Here we see the most frightful crime against human dignity, a crime that is unparalleled in the whole of history. For Jews, too, are human beings - no matter what position we take with respect to the Jewish question - and a crime of this dimension has been perpetrated against human beings.

Someone may say that the Jews deserve their fate. This assertion would be a monstrous impertinence; but let us assume that someone said this - what position has he then taken toward the fact that the entire Polish aristocratic youth is being annihilated? (May God grant that this program has not yet fully achieved its aim as yet!)

All male offspring of the houses of the nobility between the ages of fifteen and twenty were transported to concentration camps in Germany and sentenced to forced labor, and all the girls of this age group were sent to Norway, into the bordellos of the SS!

Why tell you these things, since you are fully aware of them - or if not of these, then of other equally grave crimes committed by this frightful sub- humanity? Because here we touch on a problem which involves us deeply and forces us all to take thought.

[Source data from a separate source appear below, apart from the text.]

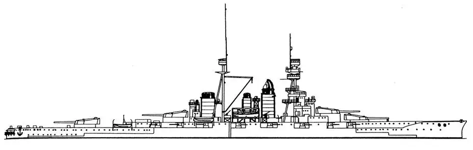 Линейный крейсер «Конго» перед началом первой большой модернизации, 1928 год
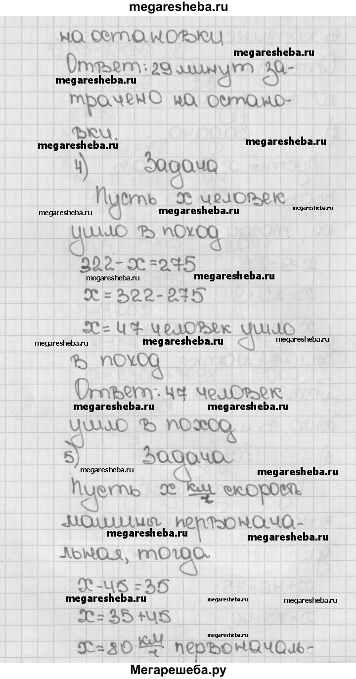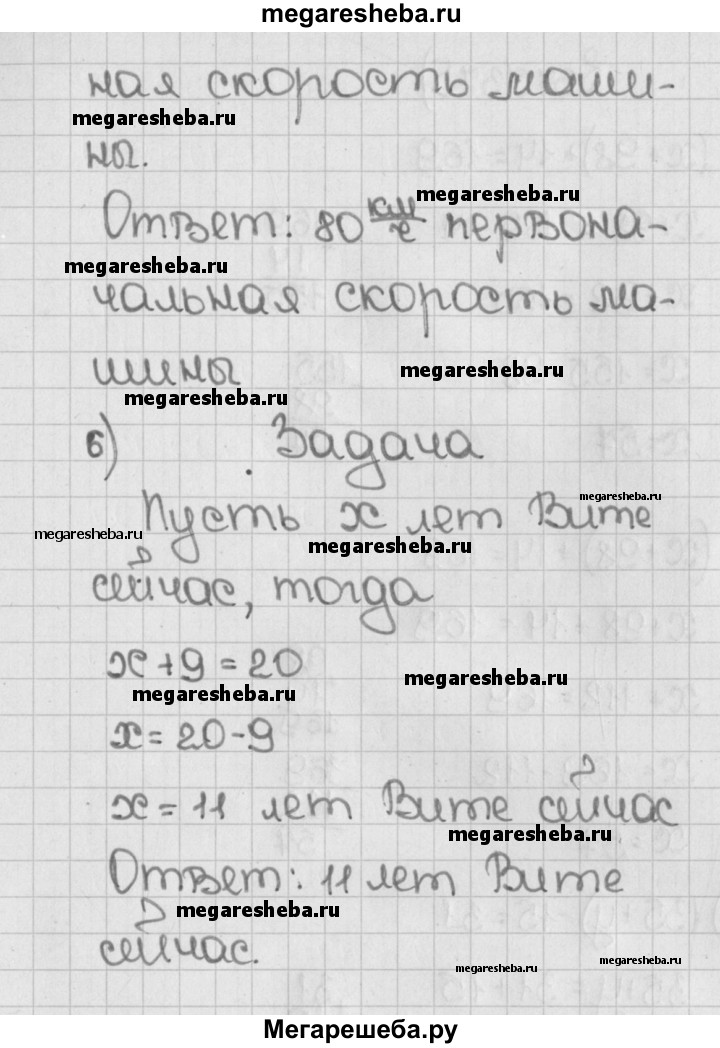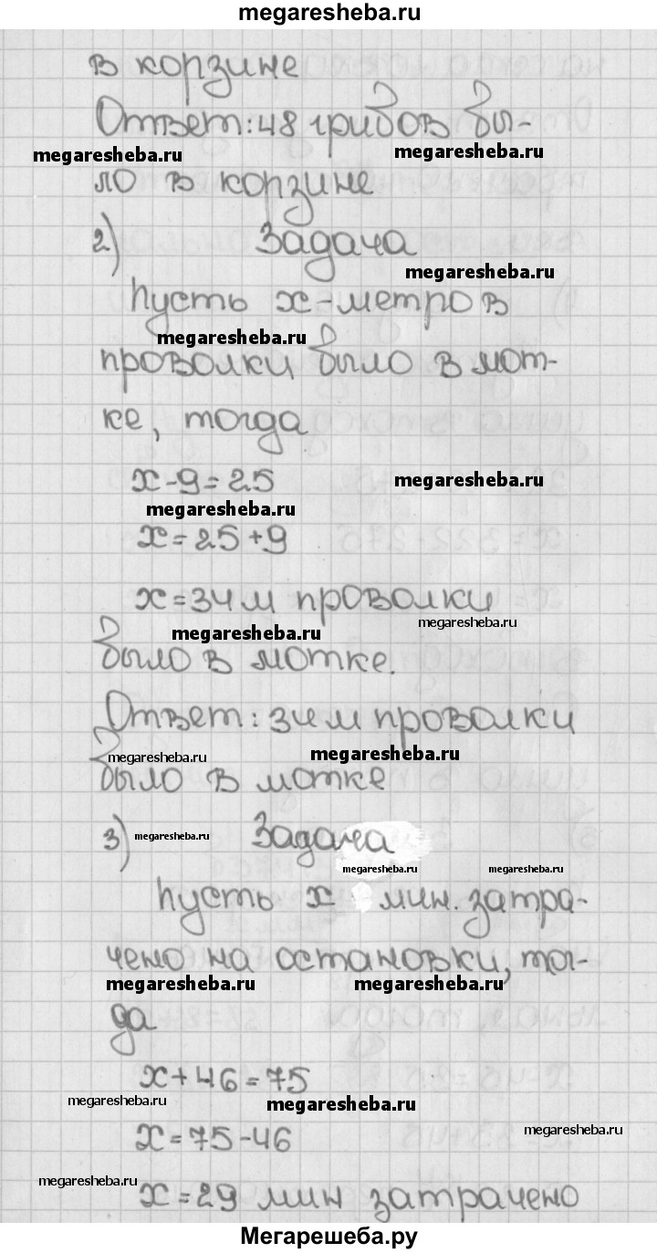 373. Решите с помощью уравнения задачу: а) В корзине было несколько грибов. После того как в неё положили ещё 27 грибов, их стало 75. Сколько грибов было в корзине? б) В мотке было несколько метров проволоки. После того как отрезали 9 м, осталось 25 м. Сколько метров проволоки было в мотке? в) Электропоезд был в пути 1 ч 15 мин. Некоторое время он затратил на остановки, а двигался 46 мин. Сколько времени затрачено на остановки? г) В спортивном лагере 322 человека. Когда несколько человек ушли в поход, в лагере осталось 275 человек. Сколько человек ушли в поход? д) Скорость автомашины уменьшили на 45 км/ч, и она стала равной 35 км/ч. Какова была скорость машины раньше? е) Через 9 лет Вите исполнится 20 лет. Сколько лет ему сейчас?
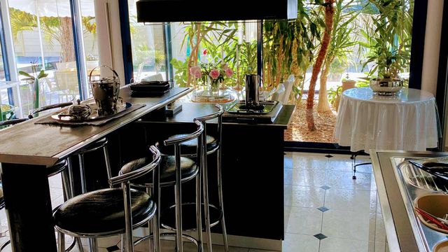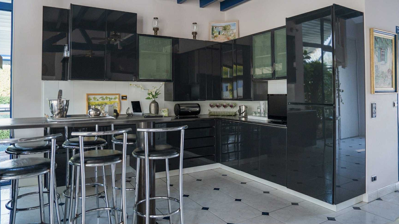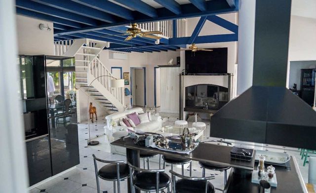 The modern, fully equipped main kitchen opens onto the living room, while a second, separate kitchen completes the layout.
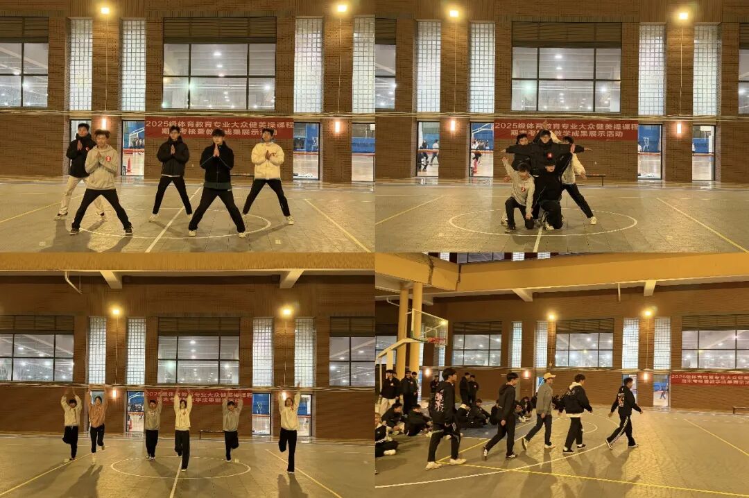 本次考核严格践行“教考分离”教学改革要求,特邀校外健美操专业裁判联合考评组,从动作规范性、艺术表现力、团队协作度等多维度进行客观评分,确保考核结果的公平性与专业性。考核现场化为活力赛场,2025级学子伴随着AI生成的动感旋律依次登场,在自编动作展示中精准呈现肢体控制能力,并借助队形设计软件完成富有创意的编排,巧妙融入灵活多变的队形组合与清晰生动的主题表达。整齐的动作、饱满的热情、灵动的创意,不仅展现了课程学习成果,更体现了学生在AI技术赋能下自主设计、融合创新的实践能力,生动诠释了体育教育专业学子紧跟时代、勇于探索的专业素养与进取精神。
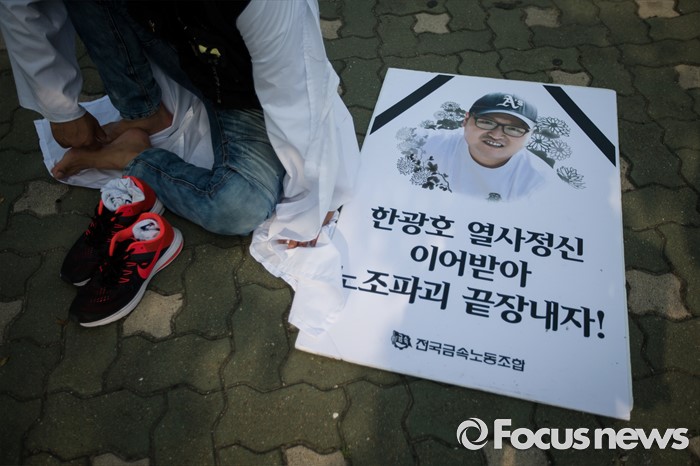 (서울=포커스뉴스) 13일 오후 유성기업 노동자 故 한광호씨의 분향소를 양재동 현대차 본사 앞으로 옮기는 꽃길 100리 행진에 참여한 노동자들이 시청 분향소를 떠나 국회를 향하던 중 잠시 휴식을 취하고 있다.
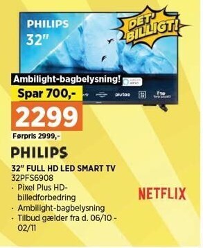 | PHILIPS 2025 55" 4K Smart Ambilight TV app Ambilight skaber imponerende effekter TV | Power | 6.999,00 kr. | 2.888,00 kr. | 4.111,00 kr. Rabat | 12 september 2025 | 02 oktober 2025 | |
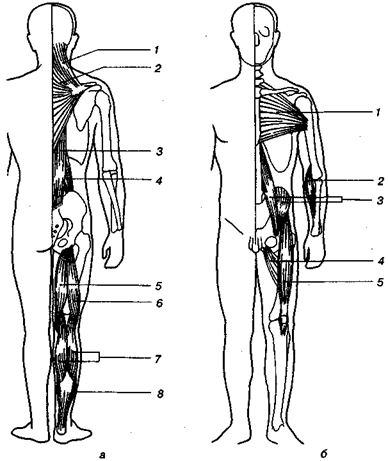 Рис. 13.4. Наиболее сильно сокращающиеся мышцы (по В. Янде, 1970): а — вид сзади: 1 —- мышца, поднимающая лопатку; 2 — трапециевидная мышца; 3 — мышца, разгибатель позвоночника; 4 — квадратная мышца спины; 5 — полусухожильная мышца; 6 — двуглавая мышца бедра; 7 — икроножная мышца; 8 — камбаловидная мышца, б — вид спереди: 1 — большая грудная мышца; 2 — сгибатель руки и пальца; 3 — подвздошно-поясничная мышца; 4 — приводящие мышцы; 5 — прямая мышца бедра
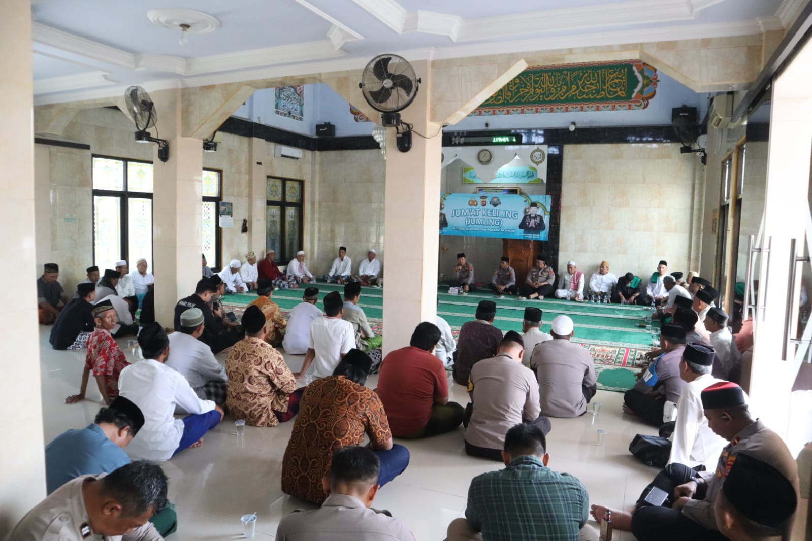 Cilegon – Dalam rangka mempererat hubungan antara Polri dan masyarakat, Kapolres Cilegon Polda Banten, AKBP Dr. Martua Raja Taripar Laut Silitonga, S.H., S.I.K., M.Si., melaksanakan kegiatan silaturahmi Jum’at Keliling (Jumling) di Masjid Al-Mutahidin, Blok Bango, Lingkungan Leuweung Sawo, Kelurahan Kotabumi, Kecamatan Purwakarta, Kota Cilegon. Kegiatan berlangsung hangat dan penuh kebersamaan usai pelaksanaan ibadah salat Jumat. Jumat (10/10/2025).
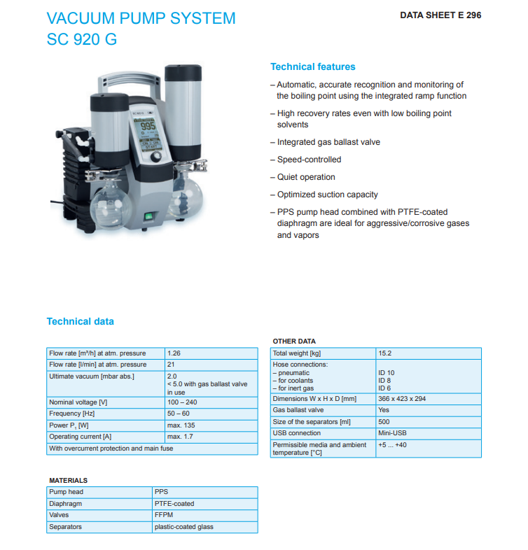 一般的 6-8 mbar 系統在處理 DMSO (二甲基亞碸)、DMF (二甲基甲醯胺) 或乙二醇等高沸點溶劑時非常吃力,往往需要加熱到很高溫。SC 920 G 的 2 mbar 深度能顯著降低這些溶劑的沸點,在較低溫度下即可快速完成濃縮。
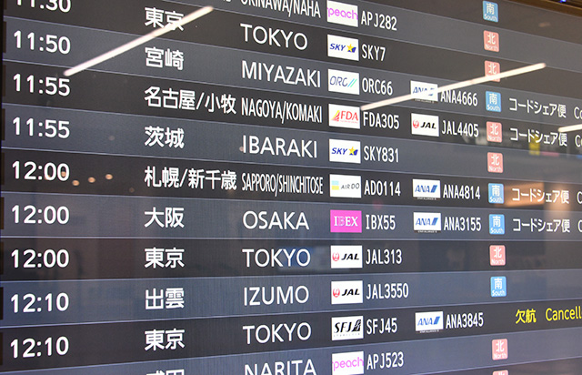 エア・ドゥの札幌行きHD113便初便を示す福岡空港の出発案内=22年7月1日 PHOTO: Yusuke KOHASE/Aviation Wire
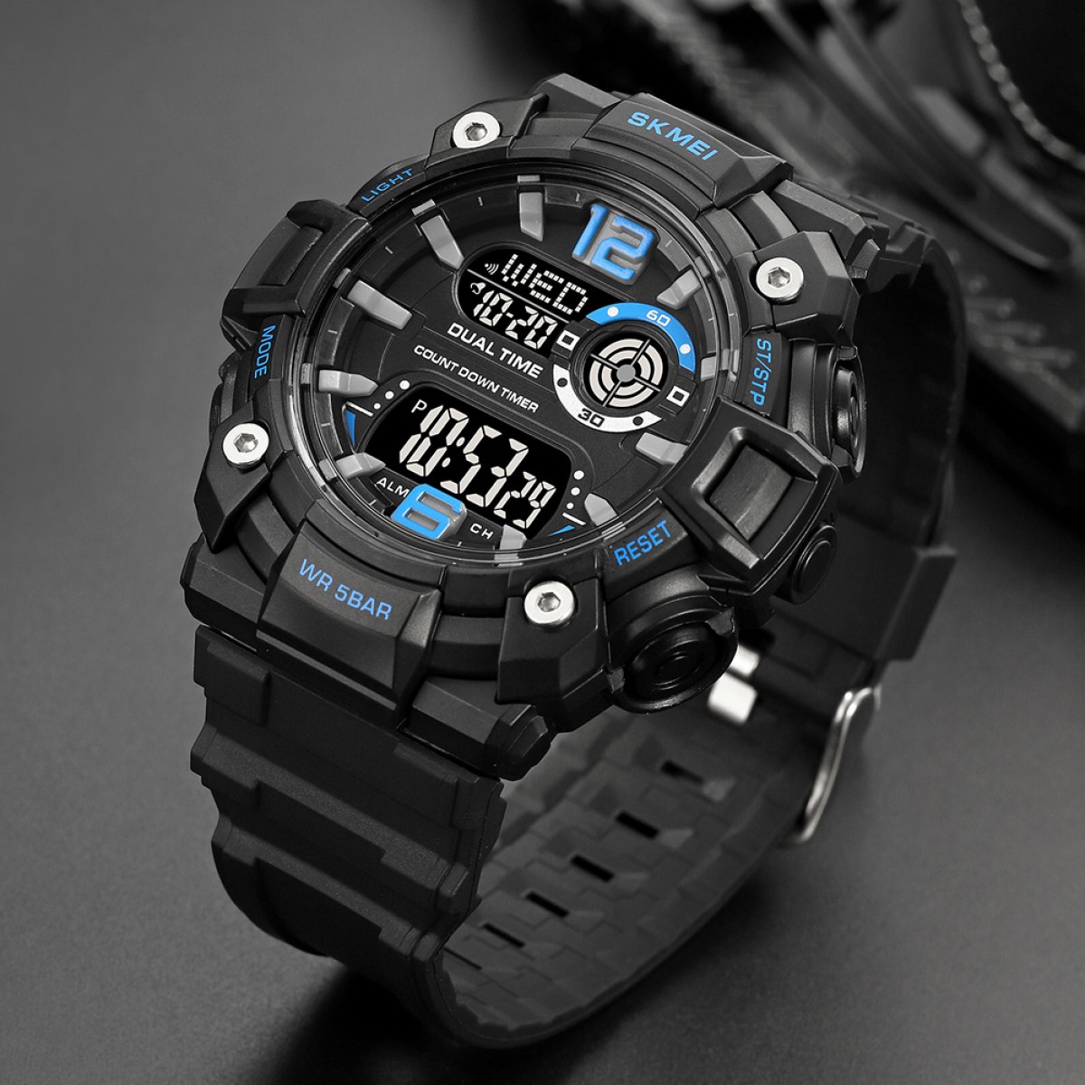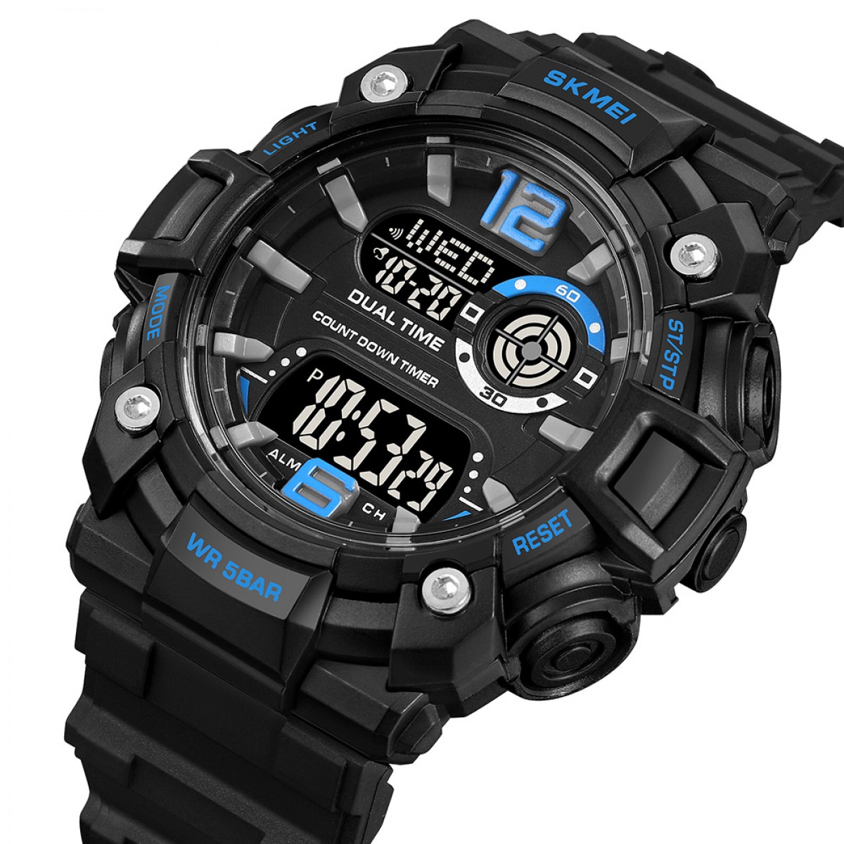 Годинник Skmei 2018BUBK Blue-Black – це спортивний електронний годинник, створений для чоловіків, який поєднує в собі стиль і функціональність. Має водонепроникність до 50 метрів, що робить його ідеальним для активного використання. Корпус виготовлений з полімеру, а ремінець – з каучуку, що забезпечує комфорт та міцність.

Why do German people behave so apathetically in the face of all these abominable crimes, crimes so unworthy of the human race? Hardly anyone thinks about that.

It is accepted as fact and put out of mind. The German people slumber on in their dull, stupid sleep and encourage these fascist criminals; they give them the opportunity to carry on their depredations; and of course they do so.

Is this a sign that the Germans are brutalized in their simplest human feelings, that no chord within them cries out at the sight of such deeds, that they have sunk into a fatal consciencelessness from which they will never, never awake?

It seems to be so, and will certainly be so, if the German does not at last start up out of his stupor, if he does not protest wherever and whenever he can against this clique of criminals, if he shows no sympathy for these hundreds of thousands of victims. He must evidence not only sympathy; no, much more: a sense of complicity in guilt.

For through his apathetic behavior he gives these evil men the opportunity to act as they do; he tolerates this "government" which has taken upon itself such an infinitely great burden of guilt; indeed, he himself is to blame for the fact that it came about at all...

Please make as many copies of this leaflet as you can and distribute them.



"When bad men combine, the good must associate; else they will fall one by one, an unpitied sacrifice in a contemptible struggle."